Any pictures in the records below must be left out when you repeat the lines from the line containing "TPD 신약 연구에 관심" through the line containing "From here you" exactly.

DATA TO USE below:

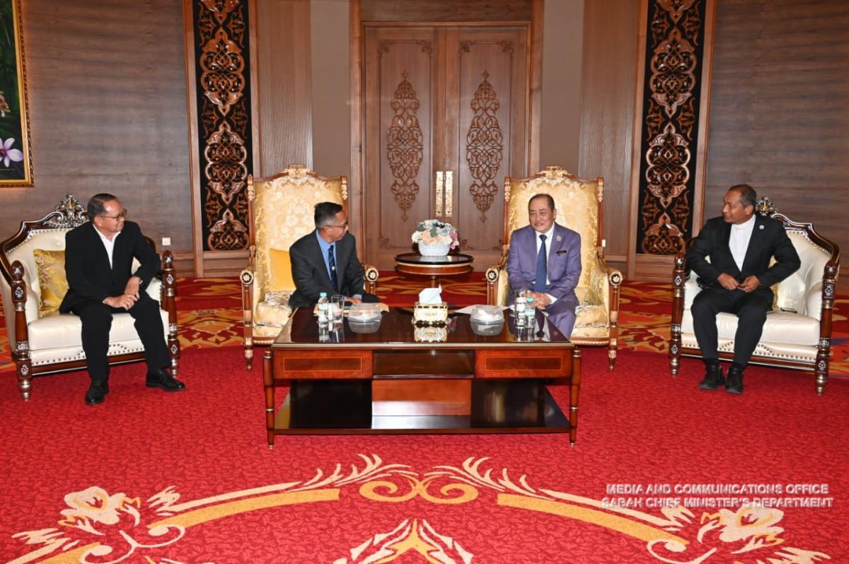 Yang Amat Berhormat Ketua Menteri menerima Kunjungan Hormat daripada Ahli Lembaga Pengarah Lembaga Industri Getah Sabah (LIGS), Encik Sabdil Tanjong bersama Ahli Kumpulannya di Pejabat Ketua Menteri, Menara Kinabalu
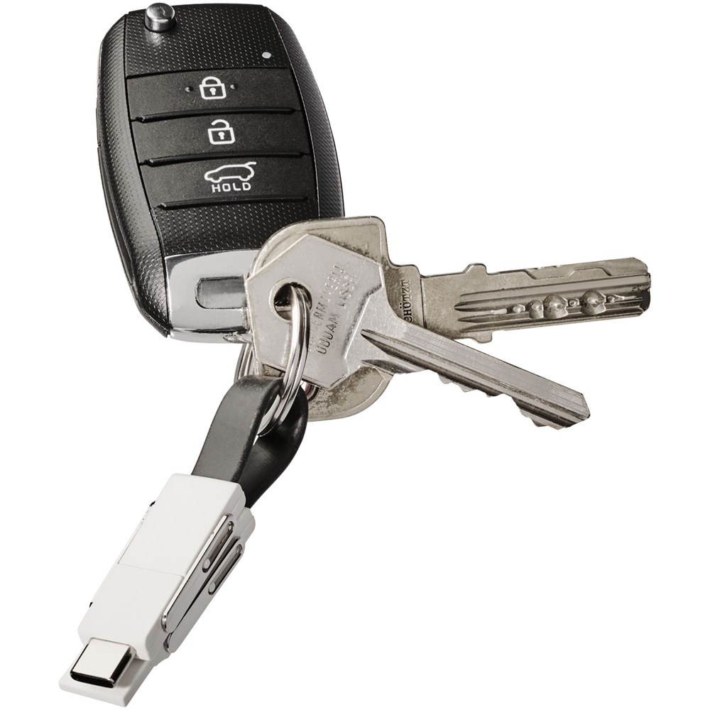 Eén 4-in-1 kabel die alle oplaadbehoeften in één pakket bevat. Het bevat een USB type-A, type-C en een 2-in-1 uiteinde dat compatibel is met zowel iOS- als Android-apparaten. Het kan worden gebruikt voor opladen en gegevensuitwisseling. Wordt geleverd met een sleutelhanger en heeft magneten om gemakkelijk te kunnen dragen.
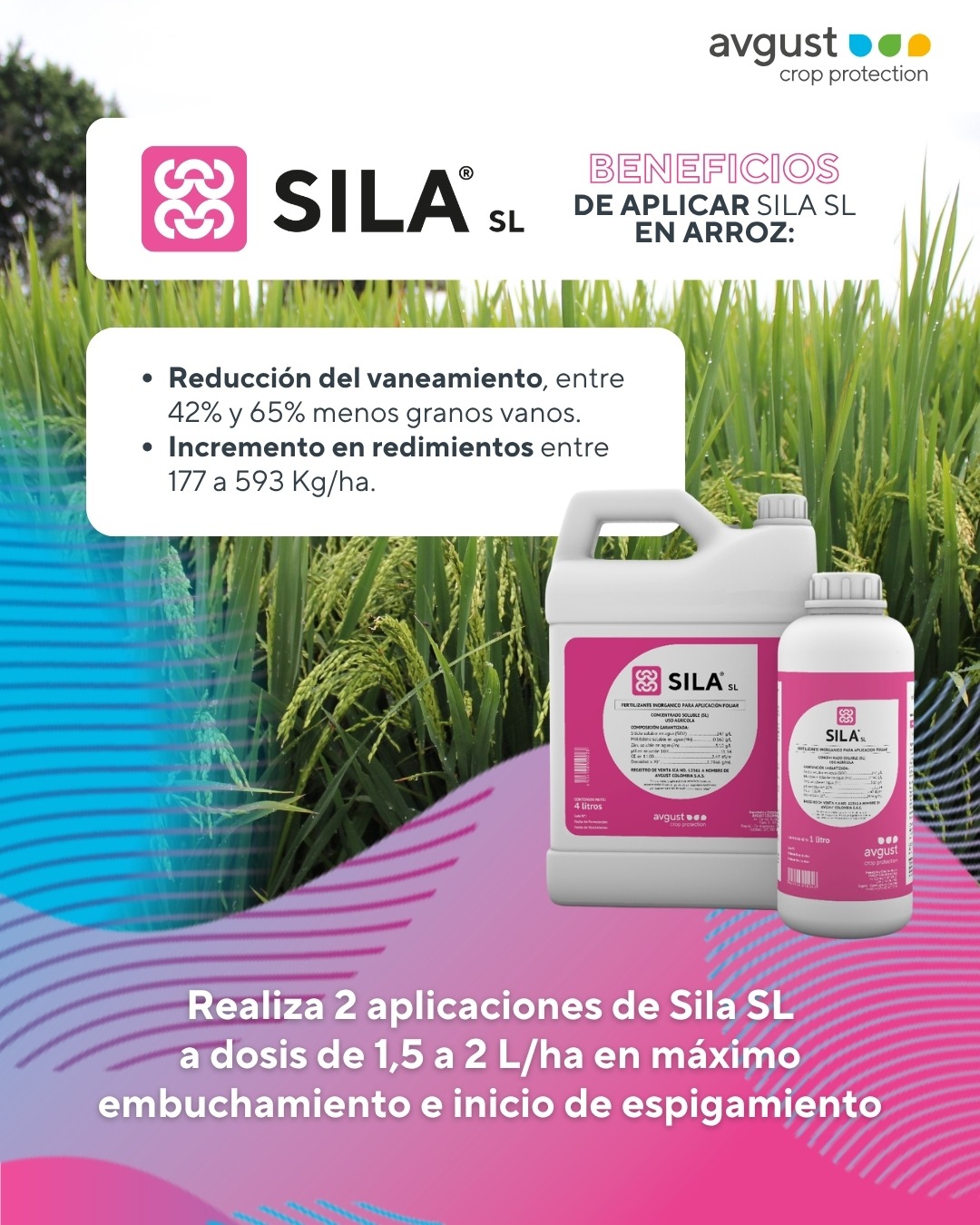 SILA® SL, nutriente, bioestimulante y protector foliar con alto contenido de Silicio soluble estabilizado, enriquecido con Zinc y Molibdeno que inducen a la planta a una mayor tolerancia al estrés abiótico y biótico, silicificando las paredes celulares y estimulando una mayor concentración de clorofila, mejorando la fotosíntesis y los rendimientos.
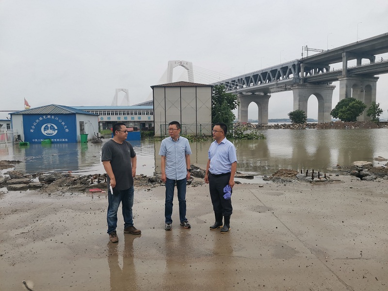沿著長江防洪大堤,方曉同志一邊檢查一邊聽取項目施工單位防汛工作匯報。目前,施工單位中鐵大橋局項目人員已有序撤離危險區(qū)域、工程資料已經(jīng)妥善安置,并與屬地政府、所在街道組成防汛值班隊伍,安排人員24小時現(xiàn)場值班,并組建了一支50人的突擊分隊隨時應對突發(fā)險情。
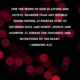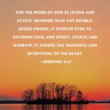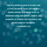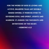 For the word of God is living and active. Sharper than any double-edged sword, it pierces even to dividing soul and spirit, joints and marrow. It judges the thoughts and intentions of the heart.
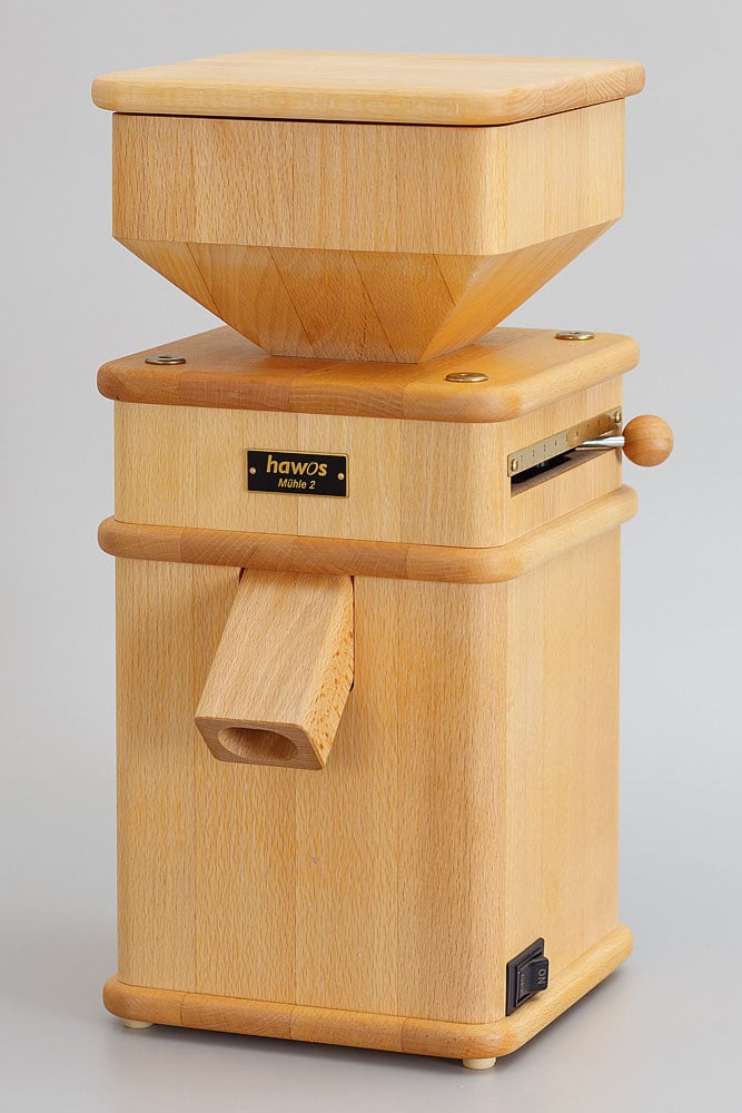Млин електричний Hawos M2 hawos млин M2 - це класика в квадратному форматі, оснащена сильною модульної технікою. Її висока продуктивність роблять hawos M2 незамінним помічником на кухні. Млини фірми hawоs Muehle1 і Muehle2 - це вдале поєднання будови і функції. Високоякісна техніка hawos в масивному буковому лісі. Зроблені в ремісничому досконало. Корпус М1 і М2 з буку, покрита оліфою. Лляне масло створює візерунки дерева, яка не залишається не поміченою. Кожен раз, при роботі цієї млини, насолоджуєшся її красою. Підходить також для помелу сухої кукурудзи. Фанера являє собою склеєні між собою тонкі листи березової деревини. Кожен шар повернутий на 90° і склеєний під високим тиском. Завдяки цьому корпус відрізняється високою стабільністю і довговічністю. Березова фанера застосовується в умовах підвищеного навантаження, де необхідно враховувати міцні характеристики матеріалу. Хороша кухня починається з хороших компонентів. Бездоганне походження продуктів і їх свіжість завжди мають попит. Чим свіже, тим краще. Це стосується борошна, круп і дерті - борошна грубого помелу. Злакове зерно багате вітамінами, мінеральними речовинами, протеїнами, ненасиченими кислотами. Нескінченно тонкі смакові нюанси надають кожному виду злаків свій певний характер. Перемелене зерно втрачає з часом цінні вітальні і ароматні речовини. Цей процес починається безпосередньо після перемелювання. Той, хто хоче повністю і по-справжньому насолодитися результатом своєї мистецтва приготування, повинен брати улюблені зерна і перемелювати їх сам. Випічка і свежесмолотой борошна - це насолода. Все це можливо з зерновими млинами від фірми hawos. Спробуйте! Мелють і насолоджуйтеся. Ваш Ральф Пигге. Директор фірми hawos Фірма hawos є провідним виробником електричних млинів, які застосовуються в домашньому господарстві, а також, для громадського користування, наприклад в магазинах. Серцем кожної млини hawos є сильний індустріальний мотор потужністю 360 W і навіть потужніше (600 W) . Надзвичайно великі жорна (перемалывающие навіть маленькі камені) виготовлені з кераміки і корунду. На добре осяжній шкалою можна встановлювати ступінь помелу. Результат подрібнення напевно буде відповідати вашим бажанням. Завдяки ремісничої точності і розвиненою техніці, кожна млин фірми hawos має 10 років гарантії. Все одно, яку з них ви зважитеся купити. Якщо ви будете мати млин фірми hawos,- то будете щасливі. Найкращою є млин з кам'яними жорнами. Кам'яні жорна - перевірені часом. Уже много столетий зерно превращается в муку между двумя камнями. При этом злаковые зёрна очищаются снаружи, а внутри щадяще перемалываются. Твёрдость и структура камней сказываются на результате перемалывания. Перемалывающие камни фирмы hawos были специально изготовлены из сплава керамики и корунда. Они чрезвычайно тверды, не чувствительны к инородным тельцам (например, к маленьким камушкам) и почти не изнашиваются. Благодаря точно спланированной обработке, камни фирмы hawos перемалывают зерно с невероятной точностью: согласно установке на шкале аппарата, - от грубого помола до мелкого. Все электрические мельницы фирмы hawos сделаны по одному принципу: Крышка, вместительный бункер для зерна. Корпус из дерева; внутри, по гигиеническим сображениям, камера помола изготовлена из пластмассы. Сильный индустриальный мотор с системой защиты от перегрева. 
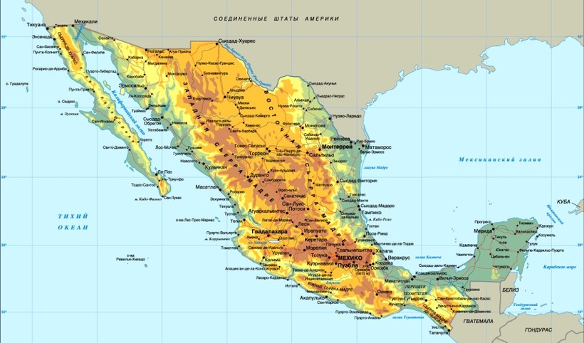 Самые крупные — области складчатости, сложенные вулканическими породами. Они богаты серебром и золотом, цинком, свинцом, медью и другими элементами. В целом Мексику можно назвать страной, которая располагает запасами почти всех ископаемых. Особо отмечу крупный нефтегазоносный бассейн Мексиканского залива.
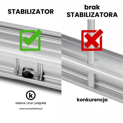 - Dodatkowy stabilizator miejsca mocowania masztu i tylnej ścianki - roll-up stoi idealnie prosto.
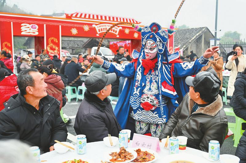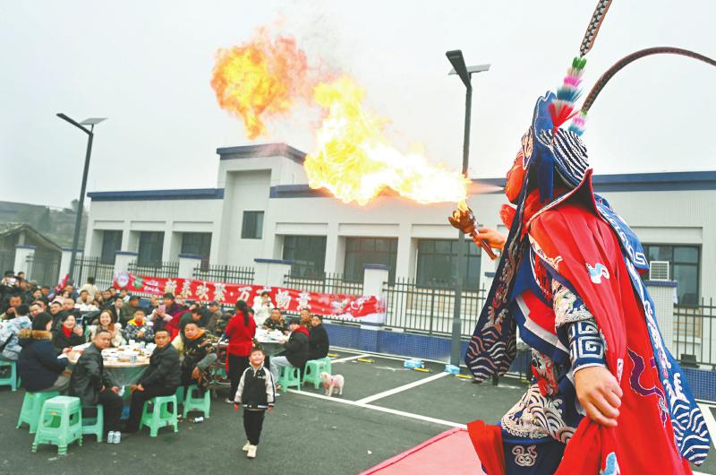 1月23日,内江市东兴区顺河镇天宫社区,川剧演员在“坝坝宴”上表演川剧绝活变脸吐火。趁着农民工返乡过节高峰期,该镇举办特色“坝坝宴”,邀请400余名返乡农民工齐聚一堂赏川剧、叙乡情。 兰自涛 摄(C视觉)
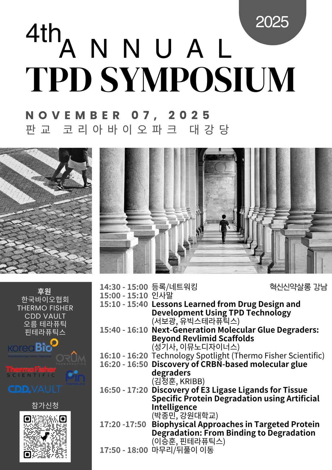 TPD 신약 연구에 관심 있는 제약·바이오 연구자 및 업계 관계자 여러분의 많은 참여를 바랍니다.
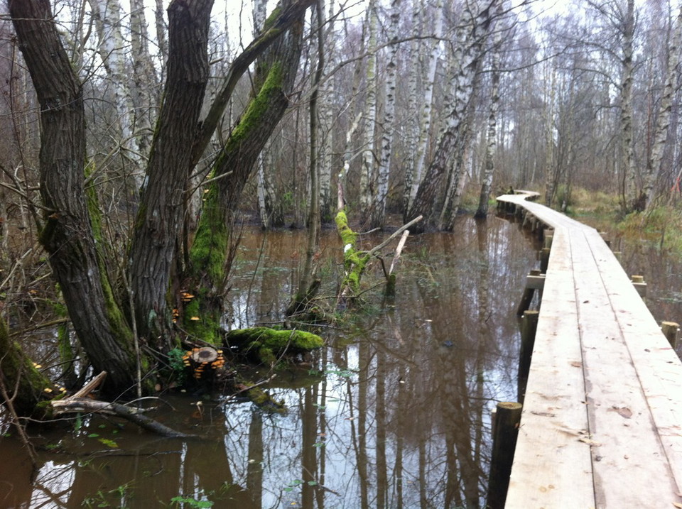 From here you can get far out into the wetland unnoticed. You'll have a better chance of seeing birds up close. The path here goes through a flooded forest, an exciting hike!
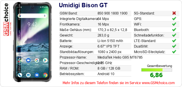 Hast du eigene Webseite? Willst du die Informationen über Standarddaten des Handys Umidigi Bison GT irgendwo veröffentlichen? Das ist sehr einfach. Du kannst das Bild herunterladen oder kopieren und auf der Webseite folgenden Code hinzufügen:Das Einfügen von diesem Code verursacht das Anzeigen von dem folgenden Bild:

End of DATA TO USE.

_EXERCISE RESULT_:
 TPD 신약 연구에 관심 있는 제약·바이오 연구자 및 업계 관계자 여러분의 많은 참여를 바랍니다.
 From here you can get far out into the wetland unnoticed. You'll have a better chance of seeing birds up close. The path here goes through a flooded forest, an exciting hike!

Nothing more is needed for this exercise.